Today, many people use several computers — one computer at home, one or several computers at the workplace, and possibly a laptop or PDA on the road. Many files are needed on all these computers. You may want to be able work with all computers and modify the files and subsequently have the latest version of the data available on all computers.

23.1. Available Data Synchronization Software

Data synchronization is no problem for computers that are permanently linked by means of a fast network. In this case, use a network file system like NFS and store the files on a server, enabling all hosts to access the same data via the network. This approach is impossible if the network connection is poor or not permanent. When you are on the road with a laptop, copies of all needed files must be on the local hard disk. However, it is then necessary to synchronize modified files. When you modify a file on one computer, make sure a copy of the file is updated on all other computers. For occasional copies, this can be done manually with scp or rsync. However, if many files are involved, the procedure can be complicated and requires great care to avoid errors, such as overwriting a new file with an old file.

[Warning]Risk of Data Loss

Before you start managing your data with a synchronization system, you should be well acquainted with the program used and test its functionality. A backup is indispensable for important files.

The time-consuming and error-prone task of manually synchronizing data can be avoided by using one of the programs that use various methods to automate this job. The following summaries are merely intended to convey a general understanding of how these programs work and how they can be used. If you plan to use them, read the program documentation.

23.1.1. Unison

Unison is not a network file system. Rather, the files are simply saved and edited locally. The program Unison can be executed manually to synchronize files. When the synchronization is performed for the first time, a database is created on the two hosts, containing check sums, time stamps, and permissions of the selected files. The next time it is executed, Unison can recognize which files were changed and propose transmission from or to the other host. Usually all suggestions can be accepted.

23.1.2. CVS

CVS, which is mostly used for managing program source versions, offers the possibility to keep copies of the files on multiple computers.
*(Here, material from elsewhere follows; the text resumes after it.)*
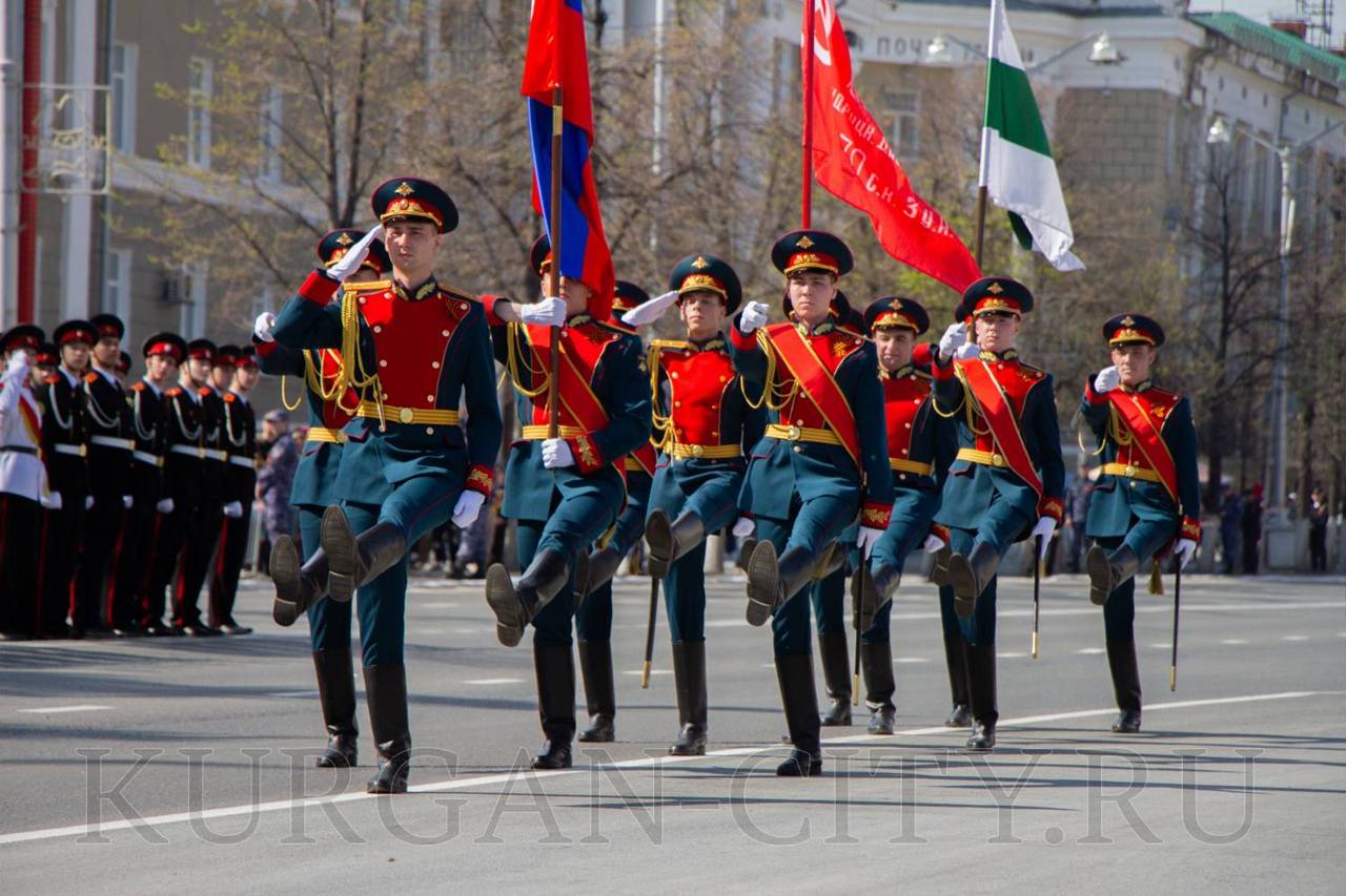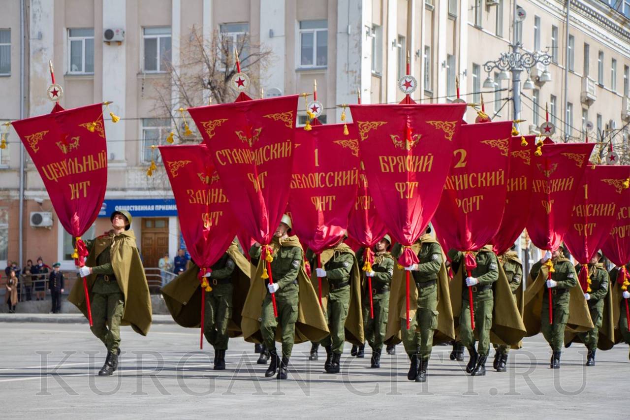 Открыл парад взвод барабанщиков курганской городской школы №23, гордо носящей имя 32-го запасного лыжного полка. Вслед за ними по площади проследовали знаменные группы с государственным флагом РФ, копией Знамени Победы, Флагом Курганской области и штандартами фронтов. Это символы патриотизма сегодняшних поколений, свидетельства доблести, мужества и героизма наших предков. Знамя Победы – штурмовой флаг 150-й Ордена Кутузова II степени Идрицкой стрелковой дивизии 79-го стрелкового корпуса 3-й ударной армии 1-го Белорусского фронта является государственной реликвией России и официальным символом победы советского народа и его Вооруженных Сил над фашистской Германией в Великой Отечественной войне.

Accordingly, it is also suitable for data synchronization.

CVS maintains a central repository on the server in which the files and changes to files are saved. Changes that are performed locally are committed to the repository and can be retrieved from other computers by means of an update. Both procedures must be initiated by the user.

CVS is very resilient to errors when changes occur on several computers. The changes are merged and, if changes took place in the same lines, a conflict is reported. When a conflict occurs, the database remains in a consistent state. The conflict is only visible for resolution on the client host.

23.1.3. subversion

In contrast to the evolved CVS, subversion is a consistently designed project. subversion was developed to supersede CVS and to alleviate its technical shortcomings.

subversion has been improved in many respects to its predecessor. Due to its history, CVS only maintains files and is oblivious of directories. Directories also have a version history in subversion and can be copied and renamed just like files. It is also possible to add metadata to every file and to every directory. This metadata can be fully maintained with versioning. As opposed to CVS, subversion supports transparent network access over dedicated protocols, like WebDAV.

subversion was, in large part, assembled using already existing application packages. This is why the web server apache and the extension WebDAV are always run in conjunction with subversion.

23.1.4. mailsync

Unlike the synchronization tools covered in the previous sections, mailsync only synchronizes e-mails between mailboxes. The procedure can be applied to local mailbox files as well as to mailboxes on an IMAP server.

Based on the message ID contained in the e-mail header, the individual messages are either synchronized or deleted. Synchronization is possible between individual mailboxes and between mailbox hierarchies.

23.1.5. rsync

When no version control is needed but large directory structures need to be synchronized over slow network connections, the tool rsync offers well-developed mechanisms for transmitting only changes within files. This not only concerns text files, but also binary files. To detect the differences between files, rsync subdivides the files into blocks and computes checksums over them.

The effort put into the detection of the changes comes at a price. The systems to synchronize should be scaled generously for the usage of rsync. RAM is especially important.